IN RE: Alan Sajid

Reset A A Font size: Print

Supreme Court, Appellate Division, Second Department, New York.

IN RE: Alan Sajid, appellant, v Joann Berrios-Sajid, respondent.

2009-01358 (Docket No. V-2481-08)

Decided: May 25, 2010

WILLIAM F. MASTRO, J.P. FRED T. SANTUCCI CHERYL E. CHAMBERS SHERI S. ROMAN, JJ. Meth Law Offices, P.C., Chester, N.Y. (Michael D. Meth of counsel), for appellant. Joseph J. Artrip, New Windsor, N.Y., for respondent.

Argued-May 7, 2010


Gary E. Eisenberg, New City, N.Y., attorney for the children.

In a child custody proceeding pursuant to Family Court Act article 6, the father appeals, as limited by his brief, from so much of an order of the Family Court, Orange County (Woods, J.), entered December 12, 2008, as, after a hearing, awarded the parties joint custody of the two subject children, with physical custody to the mother.

ORDERED that the order is affirmed insofar as appealed from, without costs or disbursements.

There is “no prima facie right to the custody of the child in either parent” (Domestic Relations Law §§ 70[a], 240[1][a];  see Friederwitzer v. Friederwitzer, 55 N.Y.2d 89).   The essential consideration in any custody controversy is the best interests of the child (see Eschbach v. Eschbach, 56 N.Y.2d 167, 171;  Matter of Dwyer-Hayde v. Forcier, 67 AD3d 1011, 1011).   “Factors to be considered in determining the child's best interests include the quality of the home environment and the parental guidance the custodial parent provides for the child, the ability of each parent to provide for the child's emotional and intellectual development, the financial status and ability of each parent to provide for the child, the relative fitness of the respective parents, and the effect an award of custody to one parent might have on the child's relationship with the other parent” (Matter of Elliott v. Felder, 69 AD3d 623, 623;  see Matter of Vann v. Vann, 14 AD3d 710;  cf.  Matter of Holle v. Holle, 55 AD3d 991).

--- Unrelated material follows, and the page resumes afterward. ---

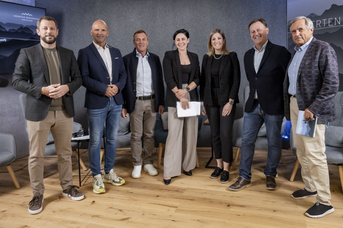 Lukas Heymich (Obmann TVB Serfaus-Fiss-Ladis), Prof. Hubert Siller (Leiter MCI Tourismus), Benny Pregenzer (Consultant, früher CEO Bergbahnen Fiss), Kathi Hager (Moderatorin), Selina Gull (Marketingleitung Zermatt Tourismus), Bruno Felicetti (General Manager Funivie Madonna di Campiglio S.p.A.) und Mike Partel (Geschäftsführer Mountain Management Consulting und Initiator des Experten-Talks).

“[T]he existence or absence of any one factor cannot be determinative on appellate review since the court is to consider the totality of the circumstances” (Eschbach v. Eschbach, 56 N.Y.2d at 174;  see Bourne v. Bristow, 66 AD3d 621).  “Custody determinations depend to a very great extent upon the hearing court's assessment of the credibility of the witnesses and of the character, temperament, and sincerity of the parties.   Thus, where a hearing court has conducted a complete evidentiary hearing, its finding must be accorded great weight, and its grant of custody will not be disturbed unless it lacks a sound and substantial basis in the record” (Matter of Dwyer-Hayde v. Forcier, 67 AD3d at 1011 [internal quotation marks omitted];  see Matter of Rudolph v. Armstead, 61 AD3d 979).

Here, the Family Court conducted a full hearing in which it observed the demeanor and heard the testimony of the parties and a court-appointed expert, and interviewed the children in camera.   Based on our review of the record, the Family Court weighed the appropriate factors and properly awarded joint legal custody of the two subject children, with physical custody to the mother (see Matter of Dwyer-Hayde v. Forcier, 67 AD3d 1011;  Matter of Vann v. Vann, 14 AD3d 710;  Cohen v. Merems, 2 AD3d 663).